3. **Training Set Effect:** In the right heatmap, for the `facts_conj` and `facts_disj` test sets, performance is notably better when the training set includes the corresponding conjunctive/disjunctive data (`+ cities_conj` or `+ cities_disj`) compared to training on just `cities` or `cities + neg_cities`.
4. **Worst-Case Scenario:** The single lowest AUROC value (0.24) occurs for the `neg_cities` test set under projection, when the model is trained only on the `cities` set.
### Interpretation
This chart likely evaluates how well a model's internal representations (projections \( a^T t \)) can distinguish between different types of test examples (e.g., cities vs. facts, positive vs. negative).
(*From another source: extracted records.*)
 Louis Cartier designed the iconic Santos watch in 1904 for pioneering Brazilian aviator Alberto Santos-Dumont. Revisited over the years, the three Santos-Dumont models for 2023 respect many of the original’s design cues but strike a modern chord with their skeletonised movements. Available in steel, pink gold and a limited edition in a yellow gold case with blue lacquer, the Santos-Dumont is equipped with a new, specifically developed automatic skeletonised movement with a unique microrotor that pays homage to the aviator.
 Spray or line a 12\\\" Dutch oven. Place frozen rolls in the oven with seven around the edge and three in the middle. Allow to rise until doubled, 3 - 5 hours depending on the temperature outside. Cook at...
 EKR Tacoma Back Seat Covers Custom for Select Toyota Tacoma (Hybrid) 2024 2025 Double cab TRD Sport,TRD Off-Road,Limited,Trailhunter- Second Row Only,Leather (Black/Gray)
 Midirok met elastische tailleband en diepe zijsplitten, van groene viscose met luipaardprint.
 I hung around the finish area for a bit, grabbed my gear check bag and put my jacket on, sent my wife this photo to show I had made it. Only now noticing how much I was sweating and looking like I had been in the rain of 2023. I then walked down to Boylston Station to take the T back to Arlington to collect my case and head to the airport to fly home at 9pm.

The "Projected out" condition tests whether removing specific components of the representation (\( t_G \) and \( t_P \), possibly related to grammar and paraphrasing) affects this discriminative ability.
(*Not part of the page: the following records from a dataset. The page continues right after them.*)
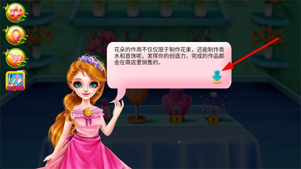 4、了解花朵還能制作香氛等物品,關閉提示后,可發揮創意制作更多花藝相關作品,完成后可在商店售賣。
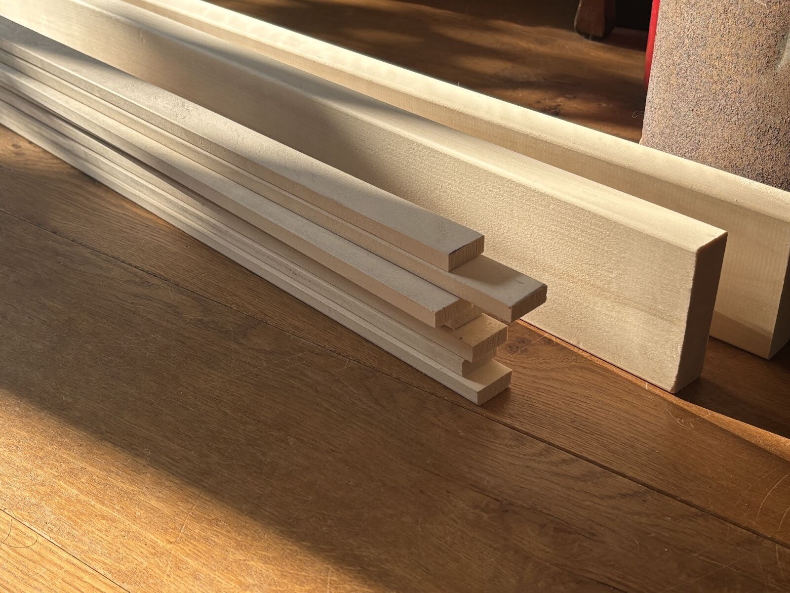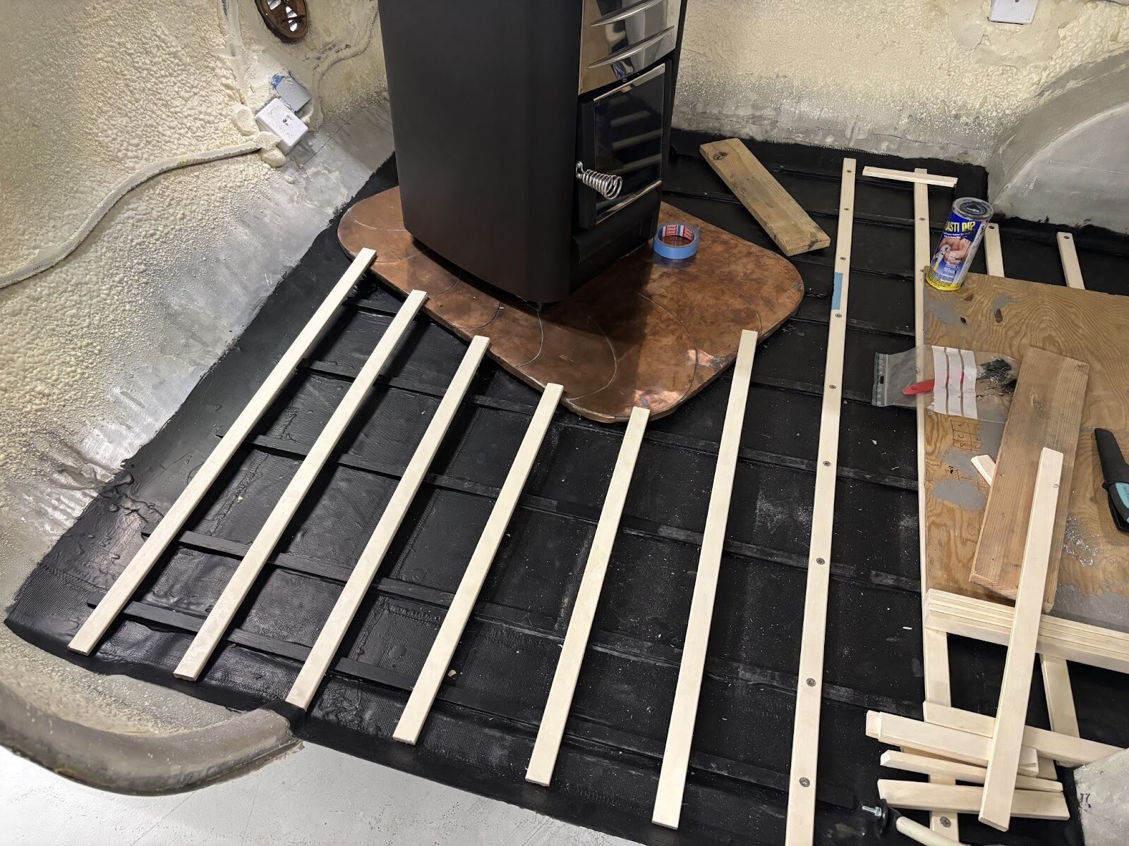 På plats i husvagnen var det dags att ge oss på andra lagret av golvet, de tvärgående ribborna. Vi hade inte helt valt vilken typ av trä vi tänkte oss invändigt men det lutade åt asp. Så lika bra att göra även dessa ribbor av asp även om de inte kommer vara synliga under golvet.En källa för bra asp är ju färdiga bastulavar. Visserligen väldigt dyrt men då det är väldigt små mängder vi behöver blir det inte så mycket ändå. Fördelen med dem är att de är raka, kvistfria och planhyvlade. Det är ett lockande alternativ då jag inte har tillgång till någon träverkstad med maskiner för närvarande. Lavarna jag fick tag på var 28x90 mm så med en klingbredd på 3 mm kunde jag få ut 7 ribbor av varje med dimensionen 28x10mm. De klyvdes och sen gick jag över dem med sandpapper för att få en lite finare yta att jobba med.
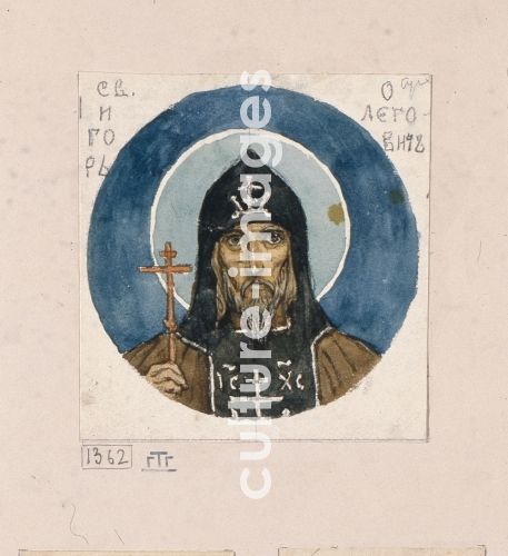 Wasnezow, Viktor Michailowitsch (1848-1926), Heiliger Igor von Tschernigow (Entwurf für die Fresken in der Wladimirkathedrale in Kiew), Aquarell auf Papier, 12x11.5, 1884-1889. Russland, Jugendstil, Staatliche Tretjakow-Galerie, Moskau.

The data suggests that the representations for **city-related concepts** (`cities`, `neg_cities`) are robust and largely independent of \( t_G \) and \( t_P \). The model can distinguish them perfectly even after projection, provided the training data is sufficiently comprehensive.
In contrast, the representations for **fact-related concepts** appear to be **critically dependent** on the \( t_G \) and \( t_P \) components. Removing them collapses the model's ability to distinguish these test sets, as shown by the widespread low AUROC values in the right heatmap. This implies that the model's understanding of "facts" is heavily entangled with grammatical or paraphrasing information.
The recovery of performance for `facts_conj` and `facts_disj` test sets when trained on corresponding data (`+ cities_conj`, `+ cities_disj`) under projection indicates that the model can learn alternative, non-\( t_G \)/\( t_P \)-based representations for these logical constructs if explicitly trained on them. The chart thus reveals a fundamental difference in how the model encodes entity knowledge (cities) versus relational/logical knowledge (facts, conjunctions, disjunctions).